[Opening THE INPUT section]

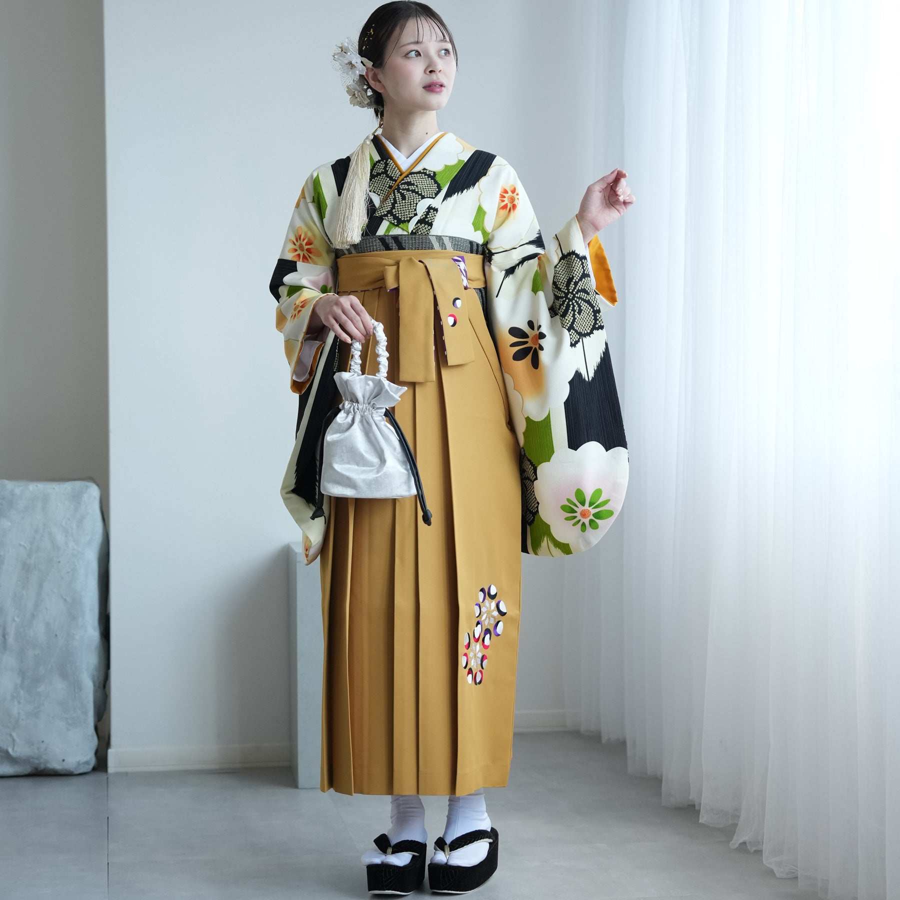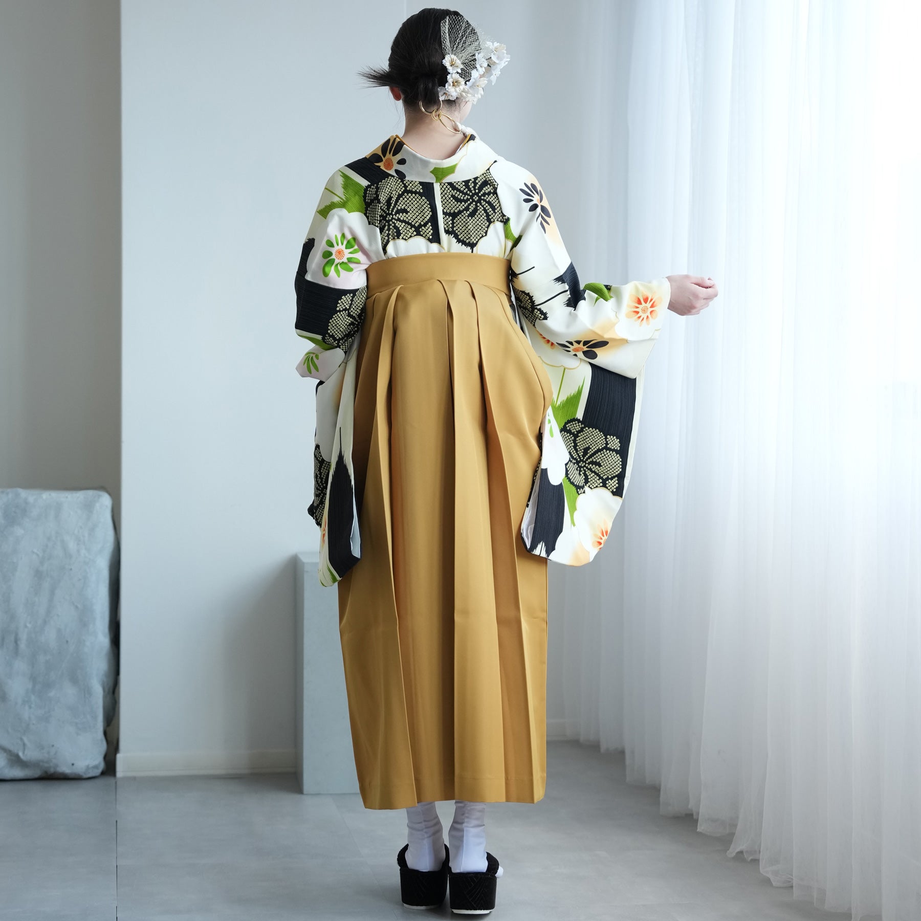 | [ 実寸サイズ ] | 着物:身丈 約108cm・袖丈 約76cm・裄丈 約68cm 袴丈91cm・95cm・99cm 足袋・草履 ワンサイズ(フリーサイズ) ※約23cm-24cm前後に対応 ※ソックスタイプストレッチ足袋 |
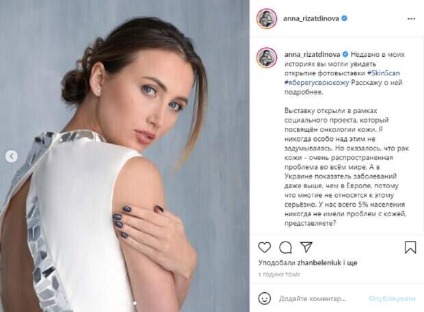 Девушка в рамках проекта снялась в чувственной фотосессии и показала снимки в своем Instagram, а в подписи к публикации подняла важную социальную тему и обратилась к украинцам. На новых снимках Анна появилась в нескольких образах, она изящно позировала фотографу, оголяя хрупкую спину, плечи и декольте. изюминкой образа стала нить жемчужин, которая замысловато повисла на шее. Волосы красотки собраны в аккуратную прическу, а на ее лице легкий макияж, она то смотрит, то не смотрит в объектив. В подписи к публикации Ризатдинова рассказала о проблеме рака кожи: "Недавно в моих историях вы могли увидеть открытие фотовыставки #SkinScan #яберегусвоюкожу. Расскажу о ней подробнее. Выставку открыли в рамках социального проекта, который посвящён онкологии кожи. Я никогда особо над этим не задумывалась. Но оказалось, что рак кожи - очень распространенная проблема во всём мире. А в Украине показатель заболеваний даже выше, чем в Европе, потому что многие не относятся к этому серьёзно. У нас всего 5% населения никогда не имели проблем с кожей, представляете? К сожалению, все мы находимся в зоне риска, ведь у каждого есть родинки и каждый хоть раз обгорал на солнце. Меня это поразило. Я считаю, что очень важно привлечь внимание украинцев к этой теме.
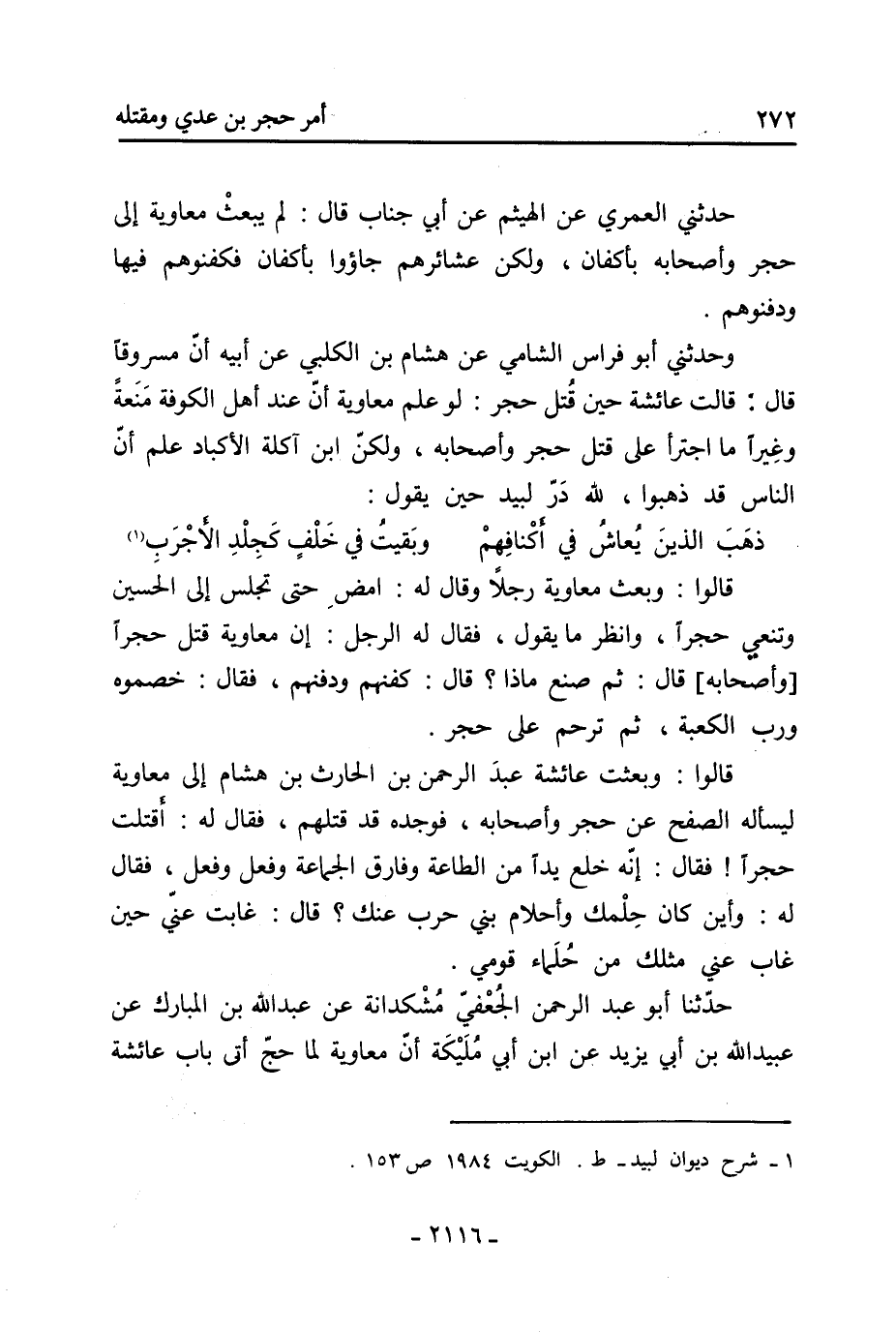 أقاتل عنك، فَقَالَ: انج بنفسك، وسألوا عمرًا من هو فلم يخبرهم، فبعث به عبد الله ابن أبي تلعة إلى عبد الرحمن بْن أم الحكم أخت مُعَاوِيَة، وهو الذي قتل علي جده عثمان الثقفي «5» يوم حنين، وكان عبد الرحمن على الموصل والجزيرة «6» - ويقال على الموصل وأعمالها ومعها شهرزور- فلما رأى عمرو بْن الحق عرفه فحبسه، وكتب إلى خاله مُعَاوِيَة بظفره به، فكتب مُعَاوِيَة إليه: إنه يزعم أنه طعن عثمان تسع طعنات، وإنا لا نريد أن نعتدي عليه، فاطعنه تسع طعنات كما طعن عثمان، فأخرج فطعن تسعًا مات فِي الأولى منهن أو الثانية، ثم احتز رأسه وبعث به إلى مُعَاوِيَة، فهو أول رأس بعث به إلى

[Closing THE INPUT section]
[Opening THE INPUT section]

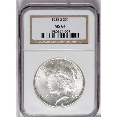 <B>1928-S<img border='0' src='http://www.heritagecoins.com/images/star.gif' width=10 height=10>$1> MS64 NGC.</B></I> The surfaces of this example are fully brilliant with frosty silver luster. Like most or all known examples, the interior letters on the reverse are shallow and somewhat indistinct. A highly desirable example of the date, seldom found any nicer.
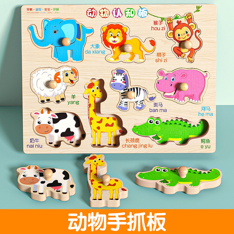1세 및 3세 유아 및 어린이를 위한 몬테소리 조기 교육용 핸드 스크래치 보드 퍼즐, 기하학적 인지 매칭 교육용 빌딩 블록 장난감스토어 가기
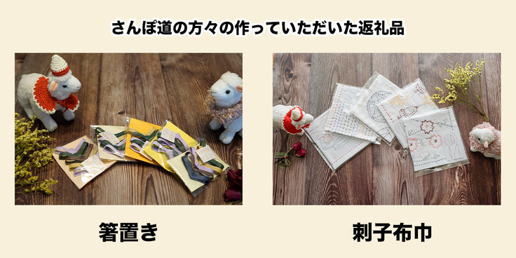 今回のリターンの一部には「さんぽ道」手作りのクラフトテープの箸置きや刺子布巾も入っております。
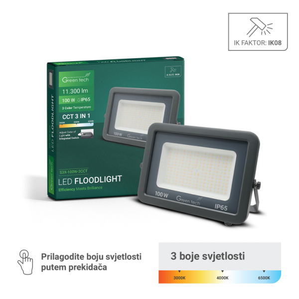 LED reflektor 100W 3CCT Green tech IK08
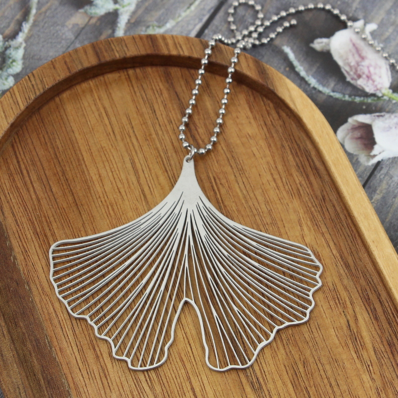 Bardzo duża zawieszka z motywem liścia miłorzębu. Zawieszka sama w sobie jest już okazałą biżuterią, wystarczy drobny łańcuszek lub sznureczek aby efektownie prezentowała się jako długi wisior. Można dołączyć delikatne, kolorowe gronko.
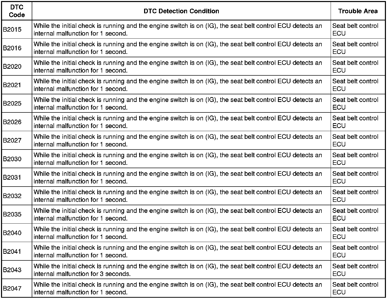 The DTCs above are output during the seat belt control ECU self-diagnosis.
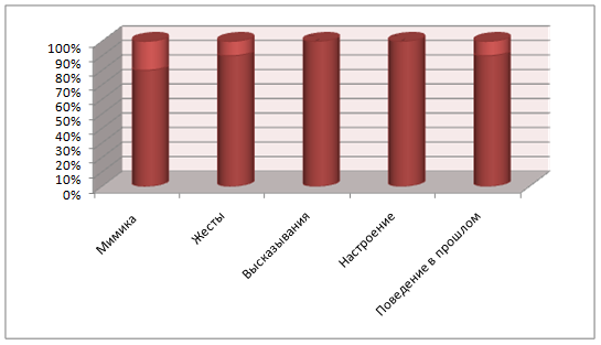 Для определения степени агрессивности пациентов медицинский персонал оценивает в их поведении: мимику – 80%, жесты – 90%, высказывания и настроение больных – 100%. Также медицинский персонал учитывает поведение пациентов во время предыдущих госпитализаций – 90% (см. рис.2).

[Closing THE INPUT section]

WHAT TO PRODUCE: Look above for the line with "今回のリターンの一部には「さ"; quote it and every line after it, stopping after the line with "Bardzo duża zawieszka", exactly, with nothing added and without pictures.

EXERCISE OUTPUT:
 今回のリターンの一部には「さんぽ道」手作りのクラフトテープの箸置きや刺子布巾も入っております。
 LED reflektor 100W 3CCT Green tech IK08
 Bardzo duża zawieszka z motywem liścia miłorzębu. Zawieszka sama w sobie jest już okazałą biżuterią, wystarczy drobny łańcuszek lub sznureczek aby efektownie prezentowała się jako długi wisior. Można dołączyć delikatne, kolorowe gronko.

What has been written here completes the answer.